--- START ---

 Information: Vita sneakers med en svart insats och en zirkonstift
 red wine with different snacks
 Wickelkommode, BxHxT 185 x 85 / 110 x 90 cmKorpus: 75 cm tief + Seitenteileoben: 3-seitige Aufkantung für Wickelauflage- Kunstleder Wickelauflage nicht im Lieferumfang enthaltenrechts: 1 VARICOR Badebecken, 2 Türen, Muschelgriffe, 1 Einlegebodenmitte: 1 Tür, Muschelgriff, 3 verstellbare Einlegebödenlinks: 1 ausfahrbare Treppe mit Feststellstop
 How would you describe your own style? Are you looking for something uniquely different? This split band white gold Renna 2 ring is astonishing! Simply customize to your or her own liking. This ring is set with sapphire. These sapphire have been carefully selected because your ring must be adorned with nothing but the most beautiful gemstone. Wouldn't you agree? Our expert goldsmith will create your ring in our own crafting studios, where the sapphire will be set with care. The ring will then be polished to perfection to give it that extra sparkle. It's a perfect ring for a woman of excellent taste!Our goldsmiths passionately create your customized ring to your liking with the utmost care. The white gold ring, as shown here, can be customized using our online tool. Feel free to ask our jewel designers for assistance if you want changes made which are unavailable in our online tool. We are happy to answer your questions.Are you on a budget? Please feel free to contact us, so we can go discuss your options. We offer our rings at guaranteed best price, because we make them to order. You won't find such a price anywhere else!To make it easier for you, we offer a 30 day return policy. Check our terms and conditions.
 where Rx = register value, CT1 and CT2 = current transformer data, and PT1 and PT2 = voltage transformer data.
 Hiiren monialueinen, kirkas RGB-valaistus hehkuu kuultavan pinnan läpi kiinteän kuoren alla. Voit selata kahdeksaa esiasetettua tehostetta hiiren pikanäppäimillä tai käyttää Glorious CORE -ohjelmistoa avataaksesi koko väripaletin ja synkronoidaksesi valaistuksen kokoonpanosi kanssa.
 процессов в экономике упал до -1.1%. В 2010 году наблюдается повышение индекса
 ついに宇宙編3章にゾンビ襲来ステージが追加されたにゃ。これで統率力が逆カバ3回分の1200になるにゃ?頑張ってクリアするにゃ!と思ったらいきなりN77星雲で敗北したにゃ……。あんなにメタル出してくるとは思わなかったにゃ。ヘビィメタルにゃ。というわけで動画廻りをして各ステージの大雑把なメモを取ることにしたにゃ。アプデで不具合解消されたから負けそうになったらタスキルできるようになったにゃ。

--- END ---
--- START ---

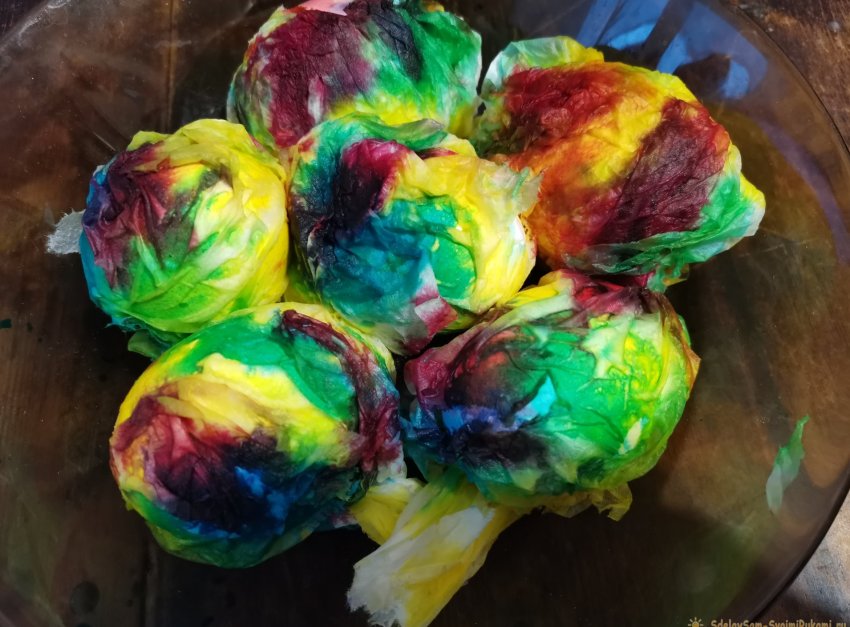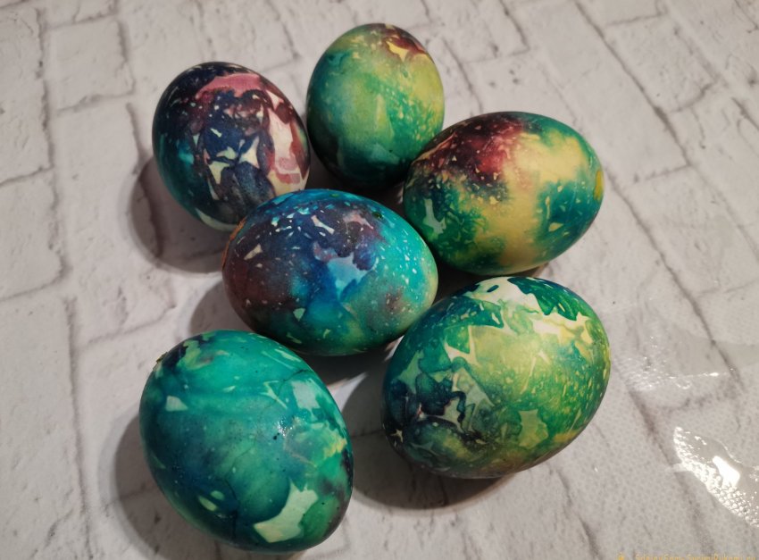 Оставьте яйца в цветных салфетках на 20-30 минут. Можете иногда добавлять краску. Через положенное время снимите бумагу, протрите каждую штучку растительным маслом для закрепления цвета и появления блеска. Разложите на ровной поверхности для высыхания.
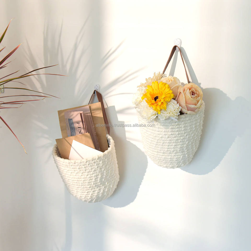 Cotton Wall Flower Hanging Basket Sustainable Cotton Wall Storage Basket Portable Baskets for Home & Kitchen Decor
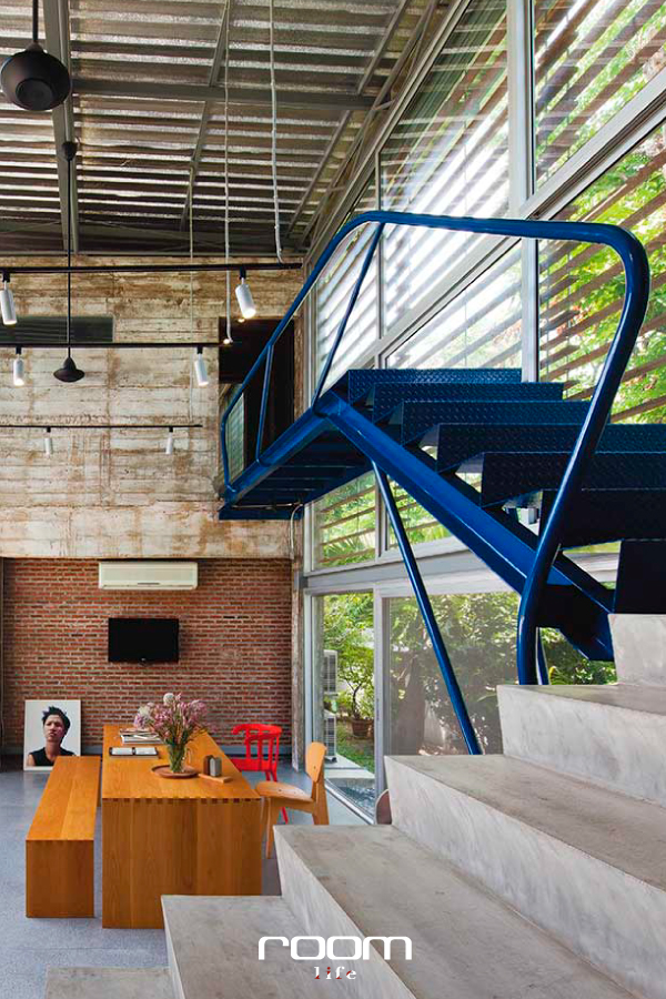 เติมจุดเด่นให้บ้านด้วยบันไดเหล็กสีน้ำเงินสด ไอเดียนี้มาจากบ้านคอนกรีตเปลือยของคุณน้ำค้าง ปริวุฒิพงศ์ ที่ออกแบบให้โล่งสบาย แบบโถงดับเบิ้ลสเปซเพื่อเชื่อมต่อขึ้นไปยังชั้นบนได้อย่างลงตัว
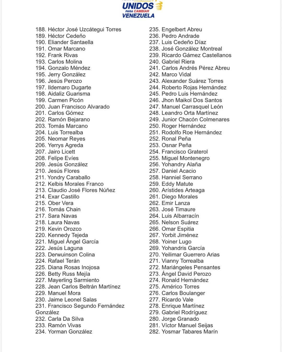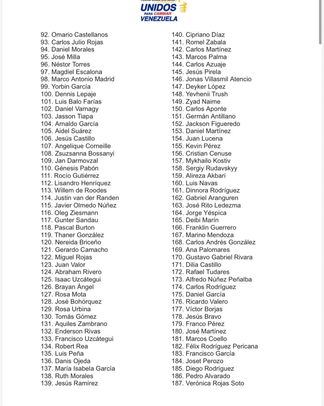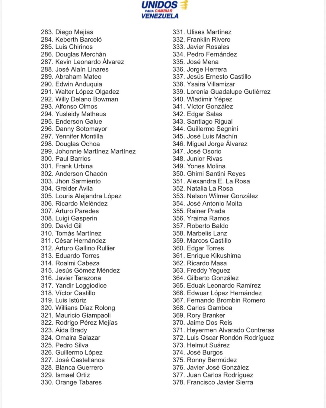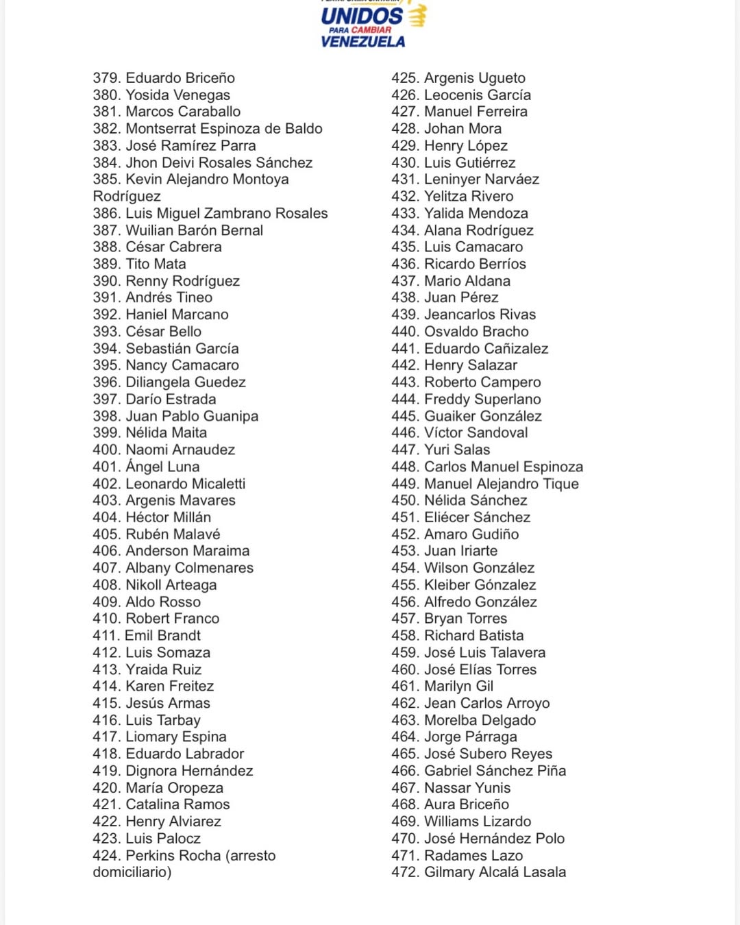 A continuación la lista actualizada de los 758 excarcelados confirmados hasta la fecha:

--- END ---
--- START ---

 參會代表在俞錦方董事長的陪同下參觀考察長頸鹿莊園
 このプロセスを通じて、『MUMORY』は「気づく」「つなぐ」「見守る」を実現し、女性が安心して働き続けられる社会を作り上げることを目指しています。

--- END ---

From the records above, copy only the lines starting with the line that holds "Information: Vita sneakers" and going on through the line that holds "Wickelkommode, BxHxT 185", exactly as written.

Finished exercise:
 Information: Vita sneakers med en svart insats och en zirkonstift
 red wine with different snacks
 Wickelkommode, BxHxT 185 x 85 / 110 x 90 cmKorpus: 75 cm tief + Seitenteileoben: 3-seitige Aufkantung für Wickelauflage- Kunstleder Wickelauflage nicht im Lieferumfang enthaltenrechts: 1 VARICOR Badebecken, 2 Türen, Muschelgriffe, 1 Einlegebodenmitte: 1 Tür, Muschelgriff, 3 verstellbare Einlegebödenlinks: 1 ausfahrbare Treppe mit Feststellstop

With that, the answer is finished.